Fermi-Hubbard Model I

Note

A Jupyter notebook related to this example is available in our examples folder.

To see KadanoffBaym.jl in full strength, we need to consider an interacting system such as the Fermi-Hubbard model

\[\begin{align*} \hat{H} &= - J \sum_{\langle{i,\,j}\rangle}\sum_\sigma \hat{c}^{\dagger}_{i,\sigma} \hat{c}^{\phantom{\dagger}}_{i+1,\sigma} + U\sum_{i=1}^L \hat{c}^{\dagger}_{i,\uparrow} \hat{c}^{\phantom{\dagger}}_{i,\uparrow} \hat{c}^{\dagger}_{i,\downarrow} \hat{c}^{\phantom{\dagger}}_{i,\downarrow}, \end{align*}\]

where the $\hat{c}_{i,\sigma}^{\dagger},\, \hat{c}_{i,\sigma}^{\phantom{\dagger}}$, $\sigma=\uparrow, \downarrow$ are now spin-dependent fermionic creation and annihilation operators. The model describes electrons on a lattice that can hop to neighbouring sites via the coupling $J$ while also feeling an on-site interaction $U$. The spin-diagonal Green functions are defined by

\[\begin{align*} \left[\boldsymbol{G}_\sigma^<(t, t')\right]_{ij} &= G^<_{ij, \sigma}(t, t') = \phantom{-} \mathrm{i}\left\langle{\hat{c}_{j, \sigma}^{{\dagger}}(t')\hat{c}_{i, \sigma}^{\phantom{\dagger}}(t)}\right\rangle, \\ \left[\boldsymbol{G}_\sigma^>(t, t')\right]_{ij} &= G^>_{ij, \sigma}(t, t') = -\mathrm{i}\left\langle{\hat{c}_{i, \sigma}^{\phantom{\dagger}}(t)\hat{c}_{j, \sigma}^{{\dagger}}(t')}\right\rangle. \end{align*}\]
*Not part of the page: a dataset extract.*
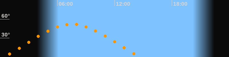 | Höchster Stand (Kulmination) | 07:31 Uhr (h = 52°) |

The equations of motion for these Green functions in "vertical" time $t$ can be written compactly as

\[\begin{align*} (\mathrm{i}\partial_t - \boldsymbol{h}) \boldsymbol{G}_\sigma^\lessgtr(t, t') &= \int_{t_0}^{t}\mathrm{d}{s} \left[\boldsymbol{\Sigma}_\sigma^>(t, s) - \boldsymbol{\Sigma}_\sigma^<(t, s) \right] \boldsymbol{G}_\sigma^\lessgtr(s, t') + \int_{t_0}^{t'}\mathrm{d}{s} \boldsymbol{\Sigma}_\sigma^\lessgtr(t, s) \left[\boldsymbol{G}_\sigma^<(s, t') - \boldsymbol{G}_\sigma^>(s, t') \right], \end{align*}\]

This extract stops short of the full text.